Here’s the official spiel:

Alternately unsettling and affirming, devastating and delicious, The Nearest Exit May Be Behind You is a new collection of essays on gender and identity by S. Bear Bergman that is irrevocably honest and endlessly illuminating. With humor and grace, these essays deal with issues from women’s spaces to the old boys’ network, from gay male bathhouses to lesbian potlucks, from being a child to preparing to have one. Throughout, S. Bear Bergman shows us there are things you learn when you’re visibly different from those around you—whether it’s being transgressively gendered or readably queer. As a transmasculine person, Bergman keeps readers breathless and rapt in the freakshow tent long after the midway has gone dark, when the good hooch gets passed around and the best stories get told.
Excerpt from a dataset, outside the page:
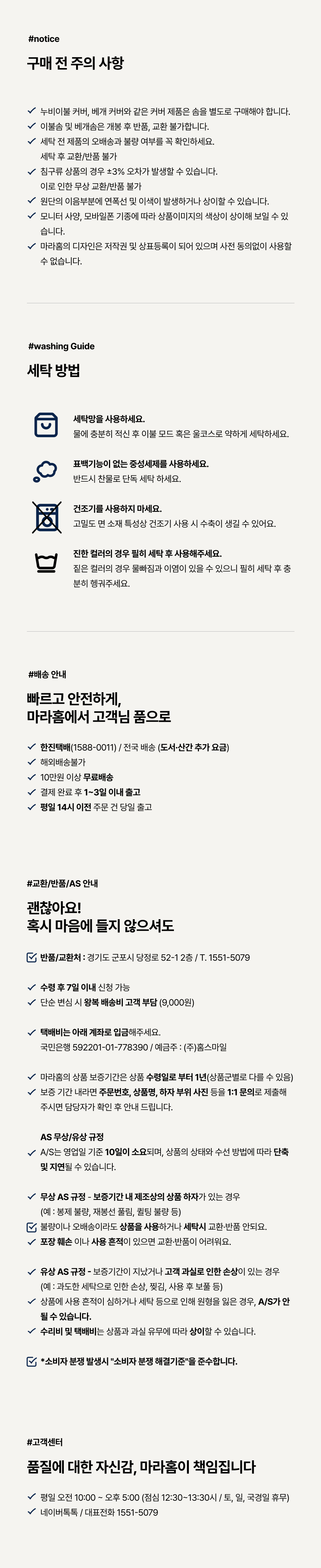 세탁방법 및 취급시 주의사항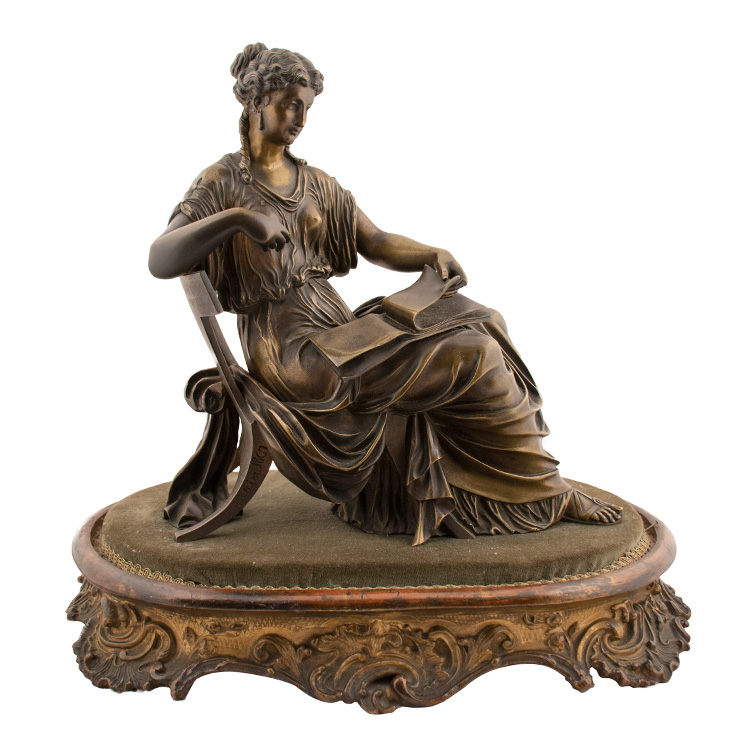 Lotto 139 | Scuola francese "Musa Clio intenta a leggere" XIX sec. Bronzo; 38 x 40 x 22 cm.

Ze offers unique perspectives on issues that challenge, complicate, and confound the “official stories” about how gender and sexuality work.

But getting to the juicy stuff…

Genderfork: Your message comes across so well as a collection of essays. Over what period of time did you write this particular stack of them? Did you write many of them before you realized the theme of the book?

Bear: I wrote this book in about two years, from roughly the spring of 2007 to the spring of 2009. I think perhaps one or two of the pieces came before that, but no more than those. The theme emerged naturally, but the title story (about a woman on an airplane who refused to sit by me in order to avoid catching The Gay) really, shall we say, clarified my direction.

I really enjoy the essay format as a way to talk about whatever I’m thinking about, and so I am often settling down to write an essay even if I have no idea what project it is for. Last week’s, for example, was about the dishes my husband’s grandmother owned, which we now have and use. Since there’s not a dish anthology anywhere on my radar that one may sit a while. Though I do dream of someday being sufficiently famous to publish a volume of all the orphans. I have an essay about other people’s dogs that I love, and also one about my love of certain things that I wish I could publish somewhere. Oh, well.

Genderfork: I loved the “Velveteen Tranny” essay — especially the Theory section — because it articulates what so many of us in the Genderfork community are struggling with. What advice can you offer to those of us who are feeling like we’re “not really real”?

Bear: I’m really not in the advice business (I prefer to reserve it as a treasured hobby) but I do notice something as I travel and meet people. Here it is: there is nowhere in this macroculture for outlaws to feel really real. The best possible things I have seen so far, as far as what works, are projects like Genderfork in which some fabulous freaks just start taking up space. I am afraid we forget that we help each other to feel real, and that this is an awfully nice thing to be part of, even though sometimes it is uncomfortable. If I have advice, it might be “go love all over someone else who doesn’t feel really real. Rub yourself against them, literally or metaphorically, until you both feel warmer.”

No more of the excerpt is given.